Le soleil était déjà haut lorsque l’on s’est rejoint sur l’enchevêtrement de planches savamment fixées qui nous tient lieu de terrasse. Je me suis assise, les jambes tutoyant le vide, parenthèses mouvantes d’un lundi différent.
Aujourd’hui, Tempête a repris la garderie. Pour la première fois depuis trois mois, nous n’étions que trois, justement, dans ces murs. Il n’y avait pas de cris, guère de demandes, point de disputes. Notre aînée viendrait bientôt nous poser mille questions, crotterait l’entrée de ses pieds sales et joncherait le sol de mille papiers gribouillés, mais dans cette matinée déjà bien avancée, elle profitait de sa solitude toute neuve en se roulant dans l’herbe au milieu des chiens, dans une vaine tentative d’enseignement par l’exemple.

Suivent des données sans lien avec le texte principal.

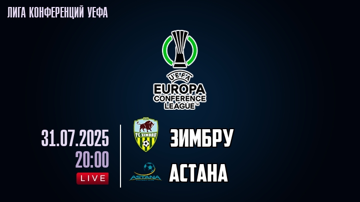 31 июля 2025 года, состоялась онлайн трансляция футбольного матча между футбольным клубом Зимбру и футбольным клубом Астана, проходящего в рамках Лиги конференций УЕФА.

Tempête me manquait. L’esprit a cette insolence propre, qui lui fait regretter les mots qui naguère le rendaient fou, les petits riens qui incommodent deviennent autant de souvenirs disséminés, les baisers mouillés ont séché et le cœur oublie qu’il fut tellement plein qu’il déborda.

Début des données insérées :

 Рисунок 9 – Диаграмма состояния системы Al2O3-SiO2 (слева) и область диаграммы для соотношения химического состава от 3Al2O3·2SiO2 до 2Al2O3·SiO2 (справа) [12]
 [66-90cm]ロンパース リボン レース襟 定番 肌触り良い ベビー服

C’est une nouvelle page dans cette histoire. Le chapitre qui s’est clos est comme une phrase proustienne : alors que j’arrive à son terme, j’ai oublié jusqu’aux premiers mots. Dans ces premiers silences, je redécouvre la douceur de l’absence, le plaisir d’un chemin qu’on emprunte et de retrouvailles ensoleillées. En espérant que la légèreté dure, que l’été s’installe et l’inquiétude s’étiole, que l’insouciance nous gagne et que les gardes se baissent, lorsque l’ennemi ne sera qu’un point hors de vue, dans un horizon bleu.
-Lexie Swing-
J’ai rencontré deux amies qui ont deux enfants, le plus jeune ayant dans les deux cas l’âge de Tempête. Ils ne retournent pas à la garderie parce que c’est compliqué (famille 1, la gardienne a décidé de ne pas reprendre; famille 2, le petit allait à l’école car ça commence à 4 ans en Ontario). Pour les deux familles avec des profils très différents, c’est mode pétage de plombs. Les petits ne peuvent pas vraiment exprimer la bizarrerie que ça doit être de ne plus aller à la garderie et à la maternelle, et ça en fait des lions en cage à la fin…

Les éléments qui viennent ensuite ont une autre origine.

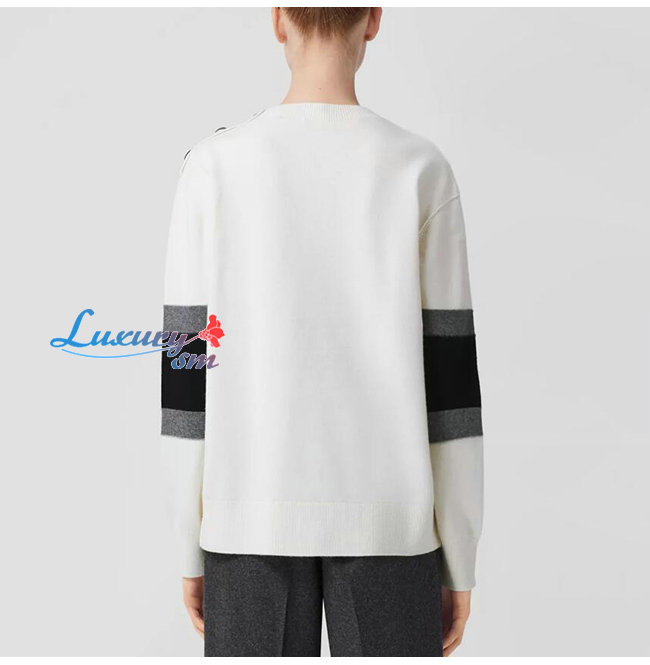 BURBERRY-80583971 버버리 화이트 로고 그래픽 아플리케 울 캐시미어 스웨터

Je confirme, elle tournait vraiment en rond à la fin. Ils ont besoin qu’on les intéresse à quelque chose, qu’on prenne du temps, et malheureusement on en manque cruellement. Le plus compliqué était de passer notre temps à lui dire « oui oui tt à l’heure, allez, va jouer »
Les premiers jours du déconfinement ont été un peu comme ça, entre deux eaux. Il m’a fallu un petit temps d’adaptation.
Une nouvelle page s’ouvre et j’espère que nous allons pouvoir, plus que toucher du doigt, retrouver cette innocence Lexie!
Comment ça se passe désormais ?
On trouve de nouvelles marques. Un peu d’école, un peu plus de travail.
Mais le manque de temps calme, juste pour soi, le manque de relations sociales se fait sentir.